In order to solve the technical problems, the technical scheme and the corresponding beneficial effects of the technical scheme are as follows:

the invention provides an image instance segmentation method, which comprises the following steps:

1) inputting a target image into the constructed initial contour extraction model to obtain an initial contour of a target in the image; and samples a number of contour points on the initial contour,

2) extracting a plurality of assumed deformation points around each contour point;

3) obtaining the characteristics of each contour point and the characteristics of assumed deformation points around each contour point by using the constructed characteristic extraction model;

4) and inputting the obtained features of the contour points and the features of the assumed deformation points around each contour point into the constructed deformation contour extraction model to obtain the deformation result of each contour point, and further obtain the deformation contour of the target in the image so as to perform optimized segmentation edge processing on the initial contour.

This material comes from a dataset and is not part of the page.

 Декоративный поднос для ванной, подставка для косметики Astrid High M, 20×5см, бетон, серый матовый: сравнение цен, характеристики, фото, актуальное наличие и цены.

The beneficial effects of the above technical scheme are: after the initial contour of the target is obtained, a plurality of assumed deformation points are extracted around the contour points, the characteristics of each contour point and the assumed deformation point network around each contour point are determined and input into the constructed deformed contour extraction model, and the deformation result of each contour point can be obtained.

Further, in order to adaptively select the scale of the assumed deformation point network to achieve the effect of better adapting to the initial contour, a contour point and a plurality of assumed deformation points extracted around the contour point form an assumed deformation point network, and the size of the assumed deformation point network is as follows:

S＝[S₀+log₂(wh/WH)]

wherein, the [ alpha ], [ beta ]]Representing rounding processing; s is the size of the assumed deformation point network; s₀The hierarchy where the object with the area of W × H is located; w and h are the width and height of the detection frame respectively; w and H are the width and height of the target image, respectively.

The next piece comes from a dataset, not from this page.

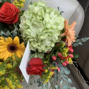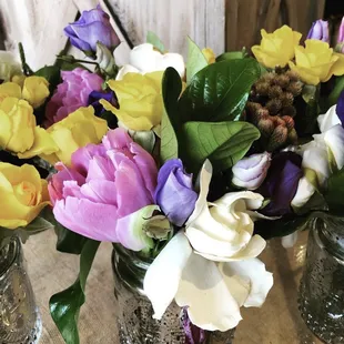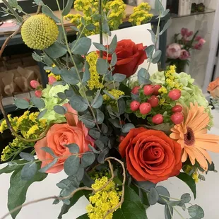 Flowers are gorgeous. Such a cute shop, and the service was great! Giving four stars instead of five for two reasons that aren't entirely the shop's fault. I got a custom order asking for lots of orange flowers and got more red than orange. This could have been due to availability, and they still look great. I picked the flowers up to take to a friend, and the vase was so full that it spilled in my car before I got out of the parking lot, ruining the box they provided for easier transport. I'm sure I could've dumped out some water and gone back in for another vase, but I didn't have time. Overall, very pleased and great quality!

Further, the feature extraction model is a ResNet-FPN model.

Further, the means for obtaining the features of the contour points and the features of the assumed deformation points around each contour point by using the ResNet-FPN model is as follows: firstly, inputting a target image into a ResNet-FPN model to obtain a plurality of characteristic graphs; and obtaining the characteristics of each contour point and each assumed deformation point from each characteristic diagram by utilizing an interpolation method.

Further, in order to adaptively select feature maps to adapt to target example segmentation tasks with different sizes, the number of the obtained feature maps PX is 3 and 3 adjacent feature maps PX are respectively a first feature map P (K-1), a second feature map PK and a third feature map P (K + 1); wherein, the smaller the value of X, the lower the convolution layer is used for processing to obtain the corresponding characteristic diagram; the value of K is:

K＝[K₀+log₂(wh/WH)]

wherein, the [ alpha ], [ beta ]]Representing rounding processing; w and h are the width and height of the detection frame respectively; w and H are mesh respectivelyWidth and height of the target image; k₀The level of the object with the area of W × H.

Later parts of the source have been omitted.